The U.S. promise to not move NATO eastward was broken again in 2004 as NATO absorbed seven eastern European countries (Bulgaria, Estonia, Latvia, Lithuania, Romania, Slovakia, and Slovenia) In 2007, Putin accused NATO of ‘muscle-flexing’ in eastern Europe. From then on, NATO’s expansion became an increasingly contentious matter and began speaking out against what it might seem as encirclement by hostile forces. It was, however, NATO’s 2008 decision to offer membership to Georgia and Ukraine, two former Soviet republics, that thoroughly inflamed Moscow’s security anxieties.

 

In 2014, Ukrainian President Viktor Yanukovych sought a loan from Russia, which Putin said he would provide if Yanukovych would sideline the country’s oligarchy-controlled financial networks. Instead, Yanukovych turned to the European Union (EU), which offered similar advice, but whose concerns were set aside by the United States, a dynamic that was on full display when US Assistant Secretary of State Victoria Nuland told US Ambassador to Ukraine Geoffrey Pyatt, ‘Fuck the EU’. Earlier, Nuland had boasted about the billions of dollars the US spent on ‘democracy promotion’ in Ukraine, which in fact meant the strengthening of pro-Western and anti-Russian forces. Yanukovych was removed and replaced in a parliamentary coup by a string of US-backed leaders (Arseniy Yatsenyuk and Petro Poroshenko). President Poroshenko (2014–2019) drove a Ukrainian nationalist agenda around the slogan armiia, mova, vira (‘military, language, faith’), which became reality with the end to military cooperation with Russia (2014), the enacting of legislation which made Ukrainian ‘the only official state language’ and restricted the use of Russian and other minority languages (2019), and the Ukrainian church breaking ties with the Patriarch Kirill of Moscow (2018). These measures, along with the empowerment of neo-Nazi elements, shattered the country’s pluri-national compact and produced serious armed conflict in the Donbass region of eastern Ukraine, which is home to a substantial Russian-speaking ethnic minority.
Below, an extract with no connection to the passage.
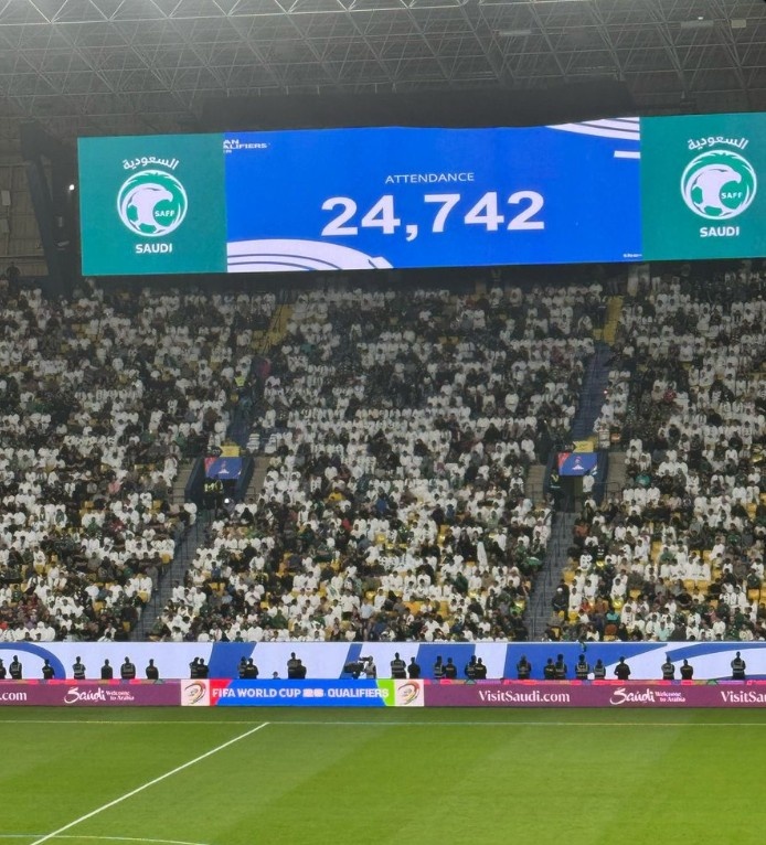 國足0-1客負(fù)沙特,本場(chǎng)比賽現(xiàn)場(chǎng)觀眾人數(shù)為24742人

Threatened by state policy and neo-Nazi militias, this minority population sought protection from Russia. To mitigate the dangerous ethnic cleansing and end the war in the Donbass region, all parties agreed to a set of de-escalation measures, including ceasefire, known as the Minsk Agreements (2014–15)

 

Since the 2014 coup, the U.S. has shipped more than $2.5 billion in weapons to the new Ukrainian government. In early February, the government of Ukraine began shelling Donbass, that eastern region of the country with a majority Russian-ethnic population. This has been done with the implicit blessing of the U.S., Ukraine’s strategic sponsor. Between 2002 and 2020, the U.S. withdrew from the Anti-Ballistic Missile Treaty, the Intermediate Range Nuclear Forces Treaty, and the Open Skies Treaty. All were designed to reduce tensions with Russia by ensuring verifiable enforcement of strategic nuclear weapons systems.

 

Poland, Hungary, and Romania participate in NATO’s “nuclear preparedness posture” which means hosting offensive nuclear missiles aimed at Russia. These can hit major Russian cities in as little as 10 minutes.